From what I’ve heard many employees of local government institutions face the issue of data input micromanagement that teachers also face.
The cult of data and statistics as some sort of panacea to all problems, pushed by the tech industry and consultants, is responsible for a lot of the pointless and inefficient “modern” work policies that are popular now. The notion that data, stats and metrics are somehow objective and pure fact that can be easily harnessed for better performance is fiction. More data just equals more information to sift through, and the more data there is the harder it is to manage and understand. Complexity increases very quickly and any potential benefits are lost, replaced only with more cruft for employees to work around.
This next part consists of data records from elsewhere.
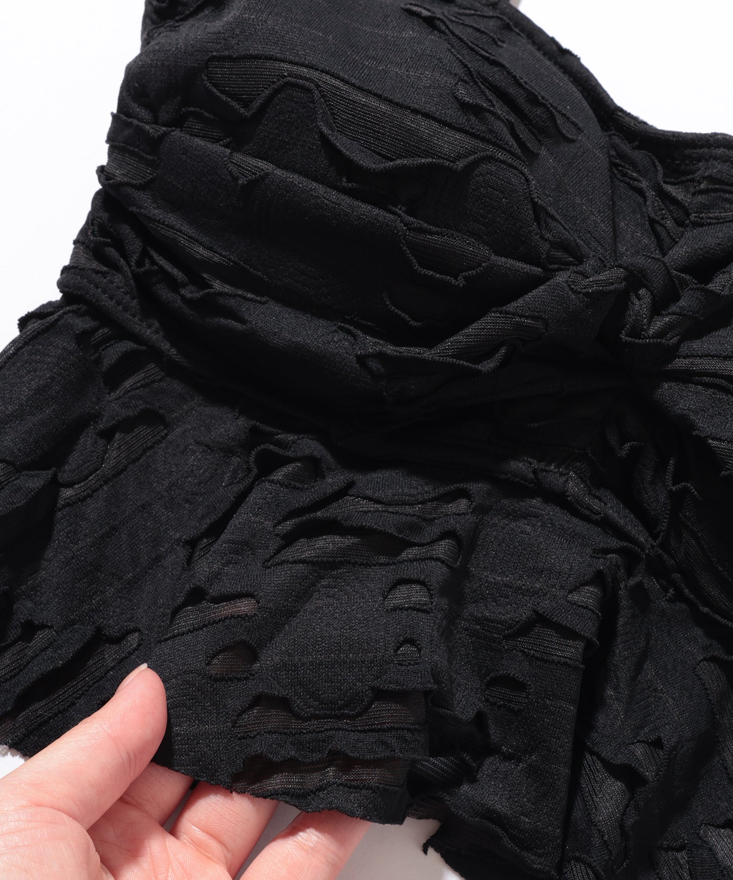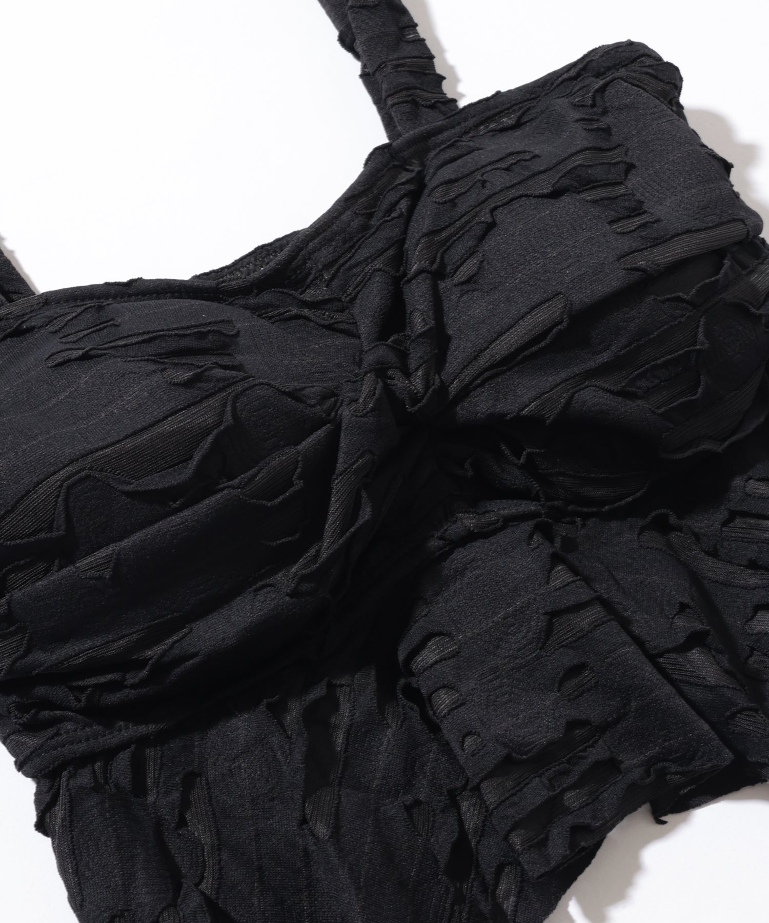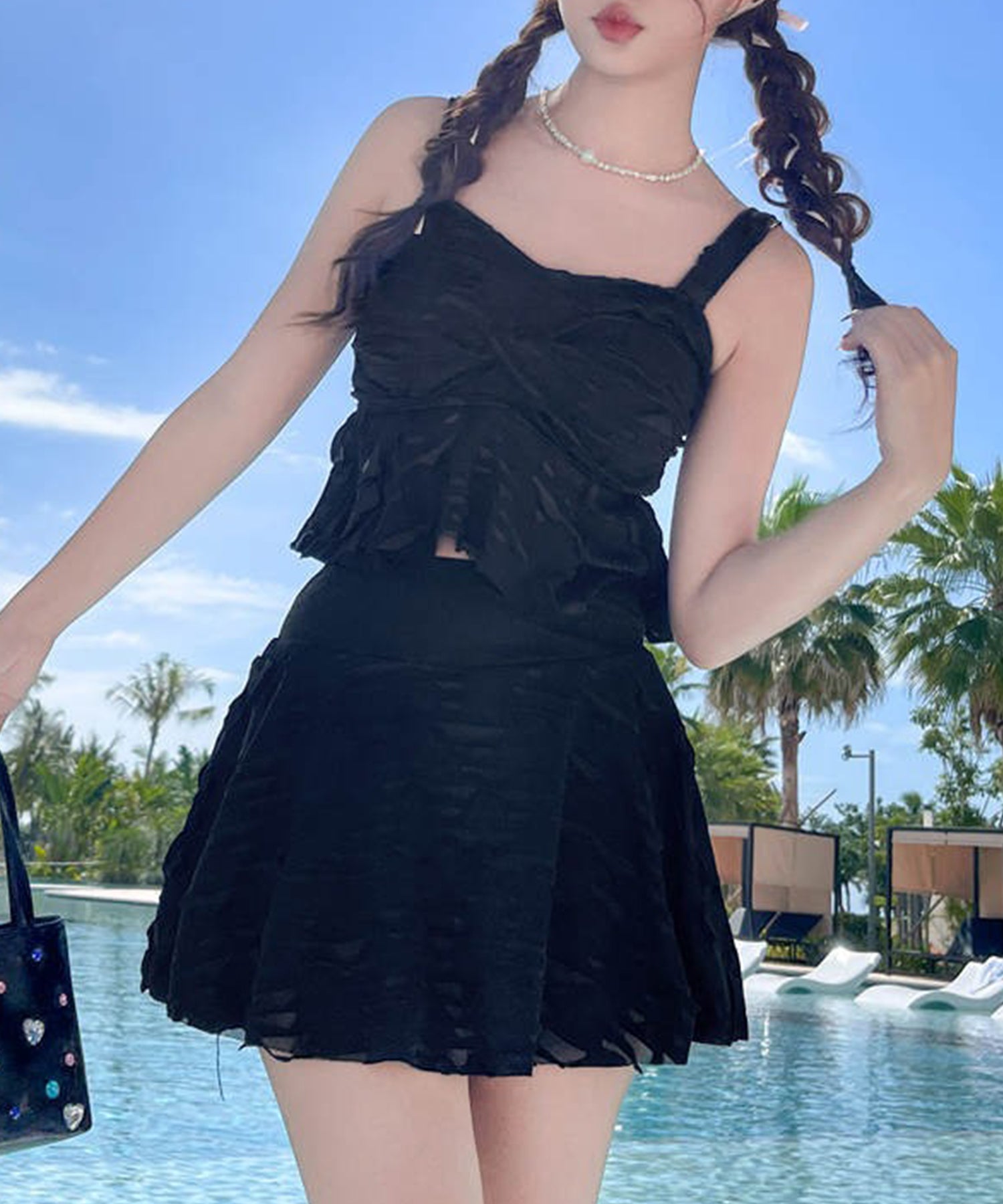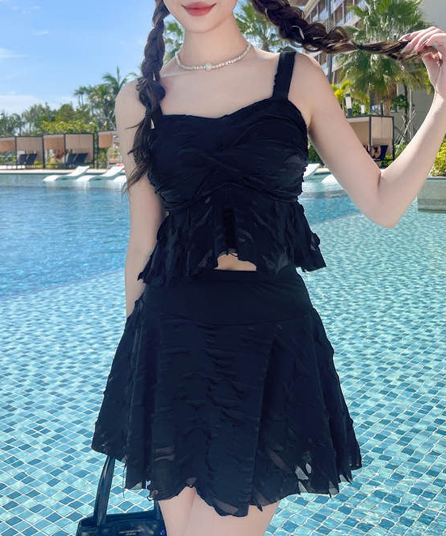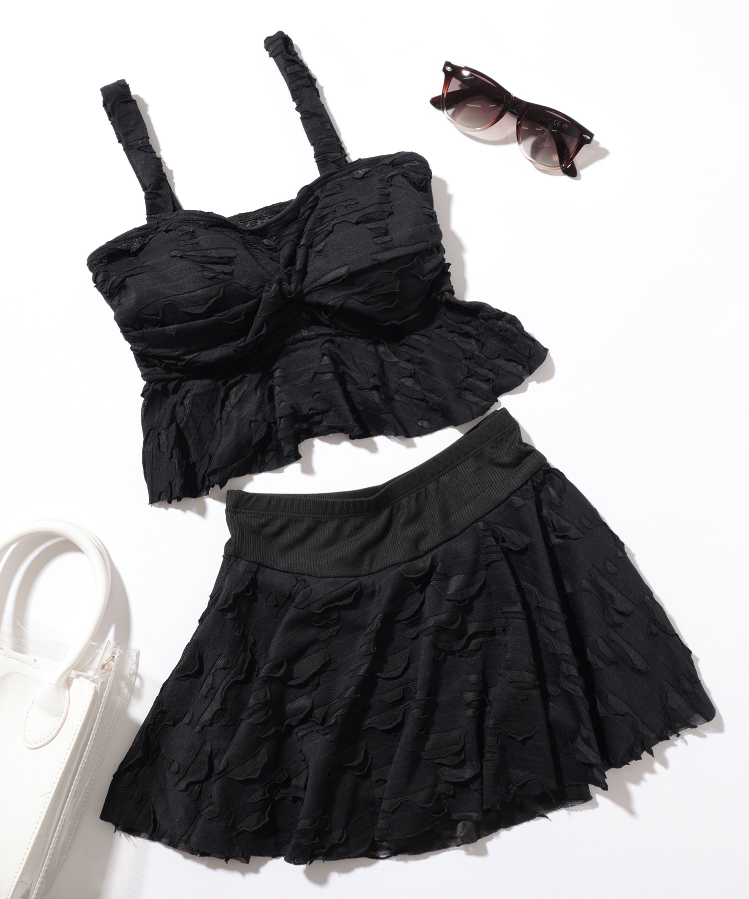 【2点セット】ジャガード調 ツイスト ペプラム フレア セパレート 水着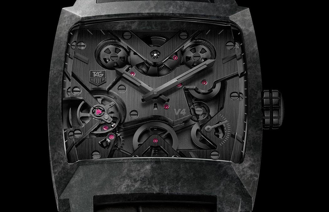 Wow. This year’s most surprising timepiece from Tag Heuer may not be their smartwatch collaboration with Intel and Google, but this matte-black piece that gives new meaning to the term incognito. This watch is black—the deep, monochromatic face almost disappears into the watch giving this timepiece its well-deserved title, the Monaco V4 Phantom. In fact the only color seen on the surface of the watch are the blood-red jewels that are used throughout the movement. It’s awesome and totally eerie at the same time.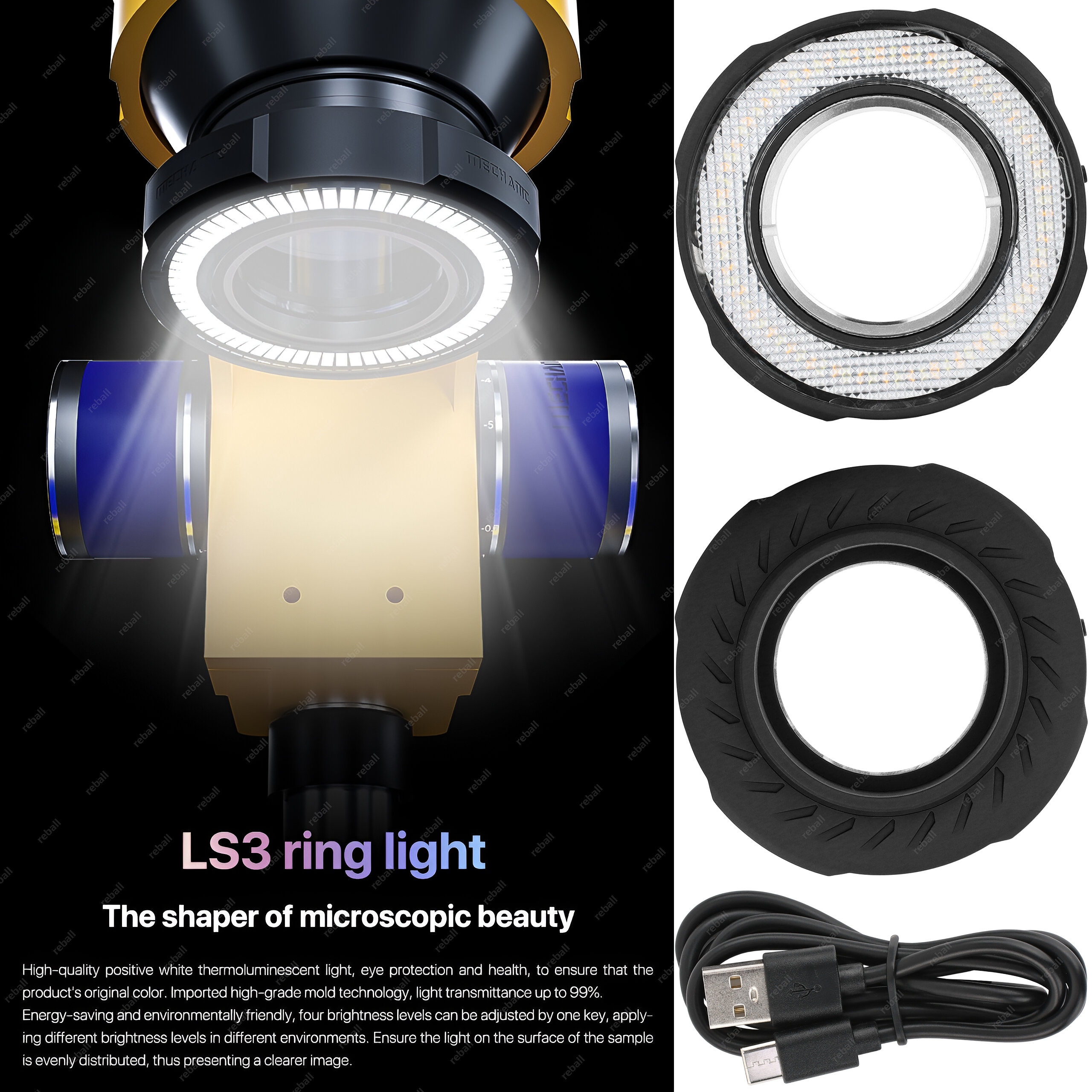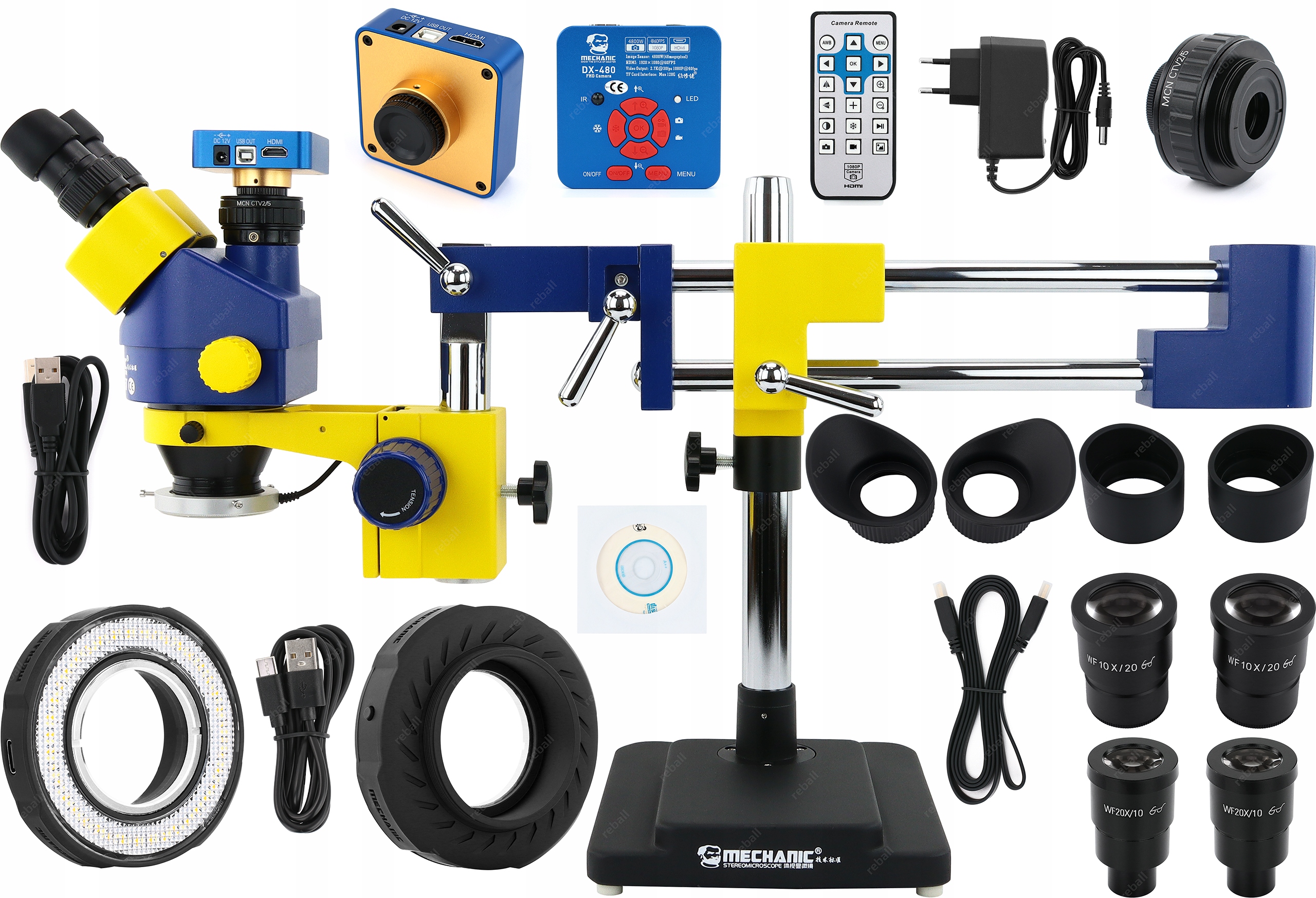- ✅ Трикулярних стереоскопічних мікроскопів з 7-45x та 14-90x, 360 ° Ротарі та регулювання рівня рівня,

It’s a serious concern that our government needs to face. The urge to outsource management to consultants who sell the pipe dream of (very expensive) automated systems that will improve workplace efficiency is understandable to a degree, but is based on a lack of understanding of what new technology can accomplish. Tech solutions to problems are not automatically better, and consultants don’t know anything about management, but our politicians have put a lot of blind faith into them.
I support the former residents of Africville. But, PLEASE, somebody do something about the ugly, growing and encroaching piece of land abutting Africville and snaking it’s way to the right. Take a look at the old photo in this article and then drive by after you exit the “new” bridge, towards Bedford, and look down over Africville. If not stopped, this (yes, more infilling of the basin) will lay right in front of the Africville shoreline. You might say: Well, at least it’s not a garbage dump this time. Shame, shame, shame.
See here.
Thank you, Tim and company. I know you’ve done a lot of hard work on this. I’m repeating myself. I lack the nerve and wherewithal to protest other than one letter to the mayor who also seems to lack these qualities.
Let me get this straight. The Richmond County councillors and municipal staff are getting a “cost-of-living-adjustment adjusted to the price of inflation” in US dollars.
The “Cranky Letter” may have been cranky, but as I hear the issues discussed by teachers, they have good reason to be cranky. Is the union out of touch with its members? Are they not taking the real complaints of the teachers to the bargaining table? Those are the questions that need to be addressed before anything on that front will break.
Halifax owes most of its popularity with tourists and its livability to its historic buildings. It is bad enough to tear them down, but they aren’t even being replaced with interesting modern buildings. I could see building something like that out in an industrial park (although even there some imagination is not out of order) but why in downtown Halifax, and by replacing such an iconic building?
It is also lazy, lazy, lazy. Look at Detroit, where historic buildings that seem beyond all reasonable hope of repair, missing roofs in some cases, are restored and re-purposed.
Why can’t it be both? Don’t most cranky letters express views? In this case, however, the sheer length of the “screed” (and that is a valid descriptor) should disqualify it as a cranky letter to the editor.
The proposed Barrington demolitions are an outrage. Waye Mason, Lindell Smith, Mike Savage and others – time to speak out, loudly and publicly. Show some leadership.
I cannot believe those buildings are being torn down. This city is fucked up. We have truly lost our way when commerce trumps conserving such wonderful built heritage that can never be replaced.
City Hall should be ashamed (or are they too busy shaking hands with their development buddies?)